Commentary by John M. Berry
April 27 (Bloomberg) -- The high-stakes revenue wars have begun again, with some Republicans complaining that the Democrats controlling Congress are planning the biggest tax increase in U.S. history.
As usual, the rhetoric is overblown, especially the claims that any tax increase would sink the economy.
What isn't so usual is that the potential tax increases worrying the Republicans will occur if nothing is done, because many of the tax cuts enacted since President George W. Bush took office six years ago will expire in the next two or three years unless legislation extending them is passed.
If that happens, Republicans have only themselves to blame, because the expiration dates were set originally to mislead the public about the amount of revenue loss involved. Of course, from the beginning the plan was to argue that letting the cuts expire would impose tax increases that would harm the economy and cost jobs.
Long-term demands on the government -- such as paying Social Security and Medicare benefits to retiring baby boomers -- mean some increases probably are in store. Nevertheless, it's highly likely that many of the tax cuts benefiting low- and moderate- income taxpayers -- creation of the 10 percent personal income tax bracket, for example -- will be extended.
In the tax debates, the link between tax cuts or tax increases and growth is frequently exaggerated. The impact of either depends on the economic circumstances of the time.
Do you recall Rush Limbaugh's offer to bet $1 million that President Bill Clinton's 1994 tax increases would plunge the country into a recession? Didn't happen.
The Surpluses
Instead, growth was so strong that year -- and unemployment falling so fast -- that the Federal Reserve raised its target for the overnight lending rate from 3 percent to 6 percent to keep inflation from accelerating.
And then in the latter half of the 1990s, Fed Chairman Alan Greenspan welcomed the economically restraining effect of shrinking federal budget deficits that eventually turned into surpluses.
``Let the surpluses run,'' was Greenspan's mantra until Bush succeeded Clinton and in 2001 pushed through the Economic Growth and Tax Relief Reconciliation Act.
The Fed chairman agreed that revenue projections were so strong that there was room for a tax cut if it were phased in and budget projections met expectations.
Playing Games
In 2001, when the bill was being debated, Bush and Republican congressional leaders -- with the help of some Democrats -- played all sorts of games to make the cuts appear smaller when calculating the impact over the next 10 years.

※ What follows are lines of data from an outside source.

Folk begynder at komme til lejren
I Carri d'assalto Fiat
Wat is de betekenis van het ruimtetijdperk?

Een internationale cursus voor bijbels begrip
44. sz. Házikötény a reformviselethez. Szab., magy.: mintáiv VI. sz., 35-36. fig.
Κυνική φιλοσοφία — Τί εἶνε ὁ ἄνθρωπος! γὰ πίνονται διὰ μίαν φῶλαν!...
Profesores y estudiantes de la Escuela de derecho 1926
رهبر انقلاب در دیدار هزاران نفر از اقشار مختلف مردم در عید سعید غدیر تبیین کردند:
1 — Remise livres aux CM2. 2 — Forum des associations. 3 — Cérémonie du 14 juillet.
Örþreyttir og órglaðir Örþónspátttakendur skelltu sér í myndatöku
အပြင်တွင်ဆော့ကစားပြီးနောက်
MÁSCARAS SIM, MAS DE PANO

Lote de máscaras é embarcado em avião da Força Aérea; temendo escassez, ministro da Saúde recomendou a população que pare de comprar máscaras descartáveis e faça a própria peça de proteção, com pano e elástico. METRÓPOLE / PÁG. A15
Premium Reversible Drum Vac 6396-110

Some of the cuts were to be phased in and then eliminated in the 10th year. Perhaps the most egregious give and take was played with the estate tax. Its bite was to be reduced gradually through 2009, then repealed altogether in 2010 and then re- imposed fully in 2011.
When candidate Bush first proposed a large tax cut in the spring of 2000, there was no sign of recession. A year later the mild 2001 recession had begun by the time the cuts were being debated on Capitol Hill, and that played a significant role in its passage.

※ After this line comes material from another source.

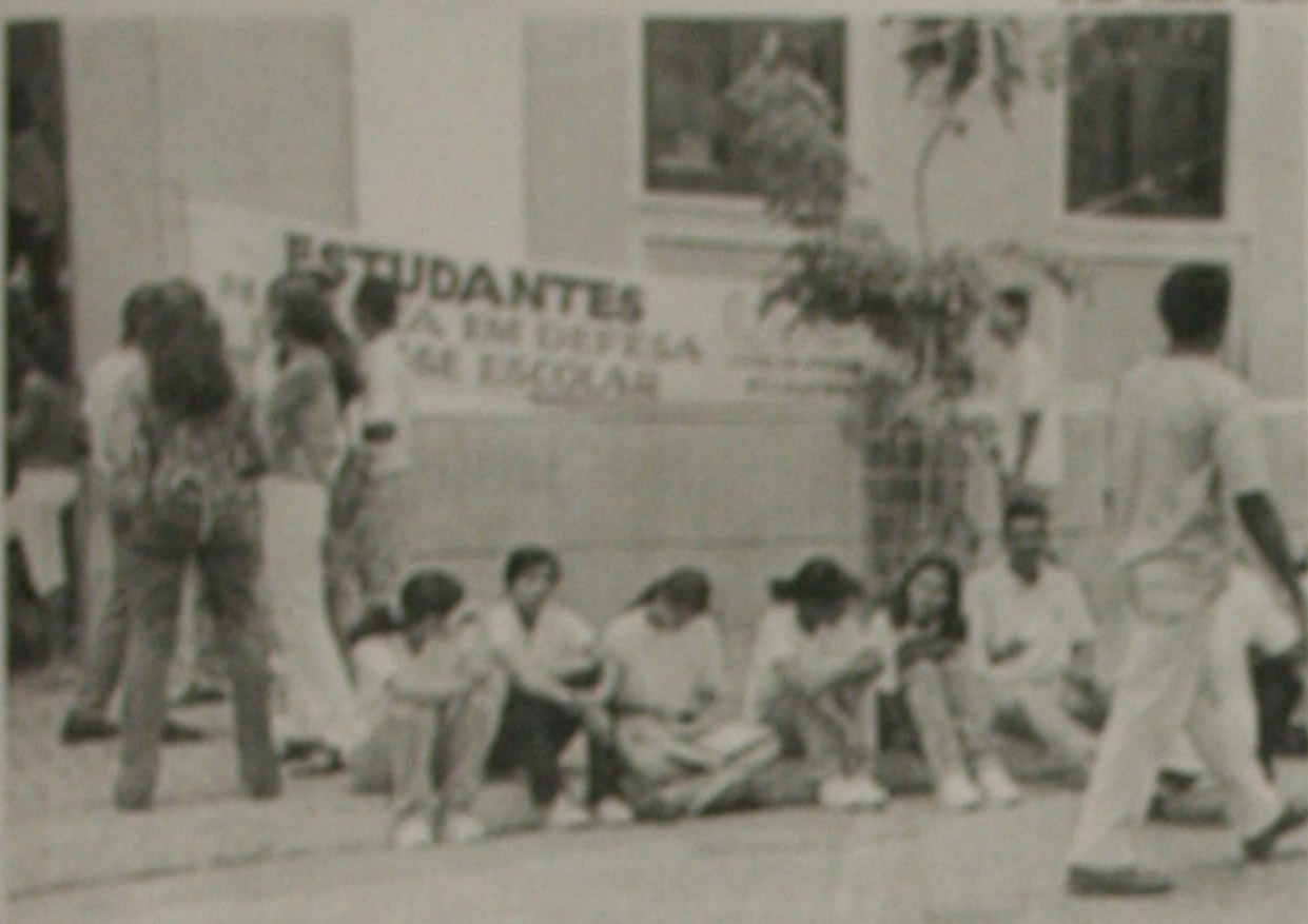
Estudantes vão à Câmara para pedir aos vereadores que o passe escolar volte para o município

Comissão defende que a venda dos bilhetes retorne para o controle da prefeitura

The recession ended before 2001 was out, though the tax cuts didn't seem to help the anemic recovery that followed. Another package of cuts was passed in 2003, and when the economic expansion accelerated, the number of payroll jobs began to rise and federal revenues increased rapidly, administration officials crowed about the power of tax cuts to improve the economy.

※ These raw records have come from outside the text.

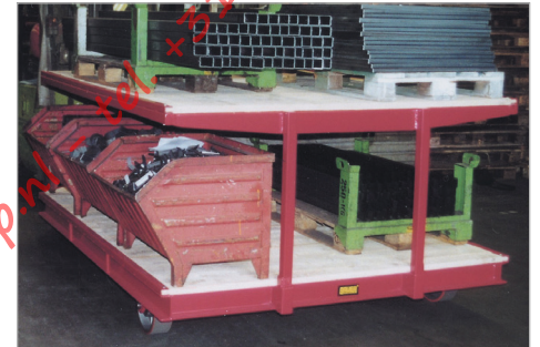
Meerdere laadvloeren d.m.v. opzetbare opbouw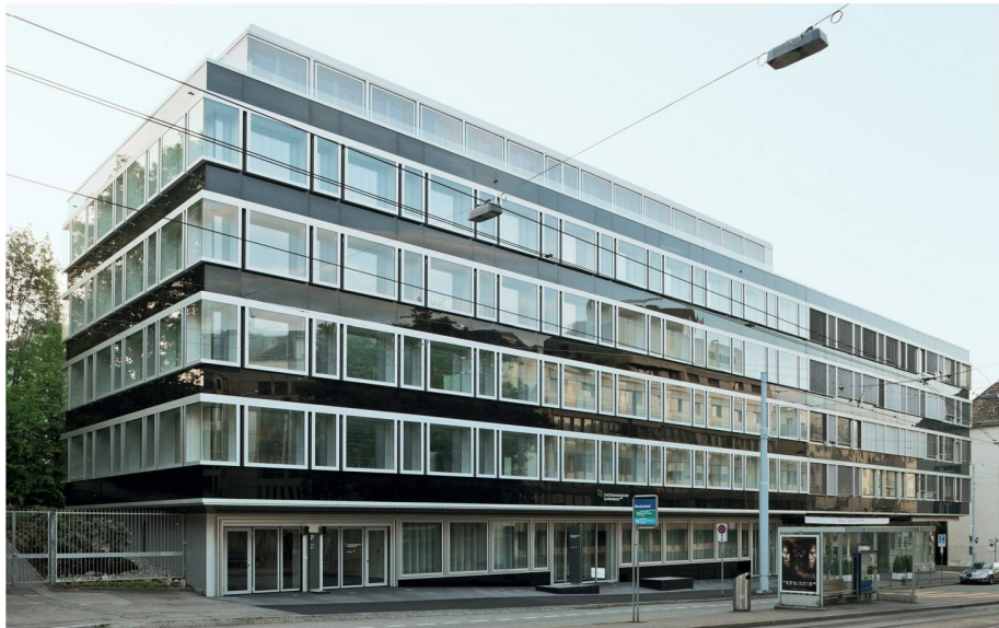
01 Zwei Generationen Glasfassaden

An der Stampfenbachstrasse in Zürich Unterstrass hat Max Dudler ein Bürohaus von 1971 umgebaut. Blickfang ist die in zeitgenössische Architektursprache übersetzte Weiterentwicklung der bestehenden Fassade.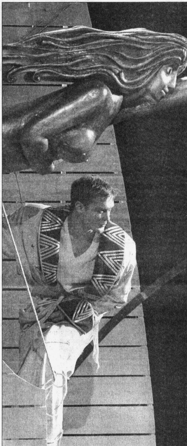
Сцена из спектакля «Золотая цепь»

Куда «посыпались» актеры? Если это интересно читателю, то в каждом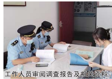
工作人员审阅调查报告及相关资料。

此次抽查工作主要针对辖区2021年以来评审通过的用途变更为“一住两公”的重点建设用地开展，由专家对抽取的6个地块土壤污染调查报告进行评审，并与市自然资源和规划部门协作

None of them ever explained why the more modest 2003 cuts did all that when the 2001 cuts didn't.
The AMT
The reality was that it took several years for corporations to shake off much of the cautionary behavior they adopted during the recession, and especially to absorb the excess stock of equipment they bought in the capital spending binge prior to the century date change of 2000.
The first real tax battle will be fought this year as some Democrats try to make major changes in the alternative minimum tax, a thorny and increasingly important part of federal tax picture. Neither Bush nor congressional Republicans have been willing to do more than adopt annual fixes to the AMT to limit the number of taxpayers affected by this parallel way of calculating taxes due.
Democrats on the tax-writing House Ways and Means Committee are promoting a plan that would exempt families with incomes of less than $250,000 from all AMT liabilities. Those with incomes up to $500,000 would have some liability, while those with higher incomes would probably pay more than now.
`Parent Penalty'
One of the ironies of the Bush tax cuts is that the lower tax rates have increased the likelihood of a taxpayer getting hit by the AMT. However, taxpayers with very high incomes often aren't affected by the AMT. That's because even with deductions such as those for state and local income and property taxes eliminated in figuring taxable income, top bracket earners are paying at rates higher than the 28 percent maximum under the AMT.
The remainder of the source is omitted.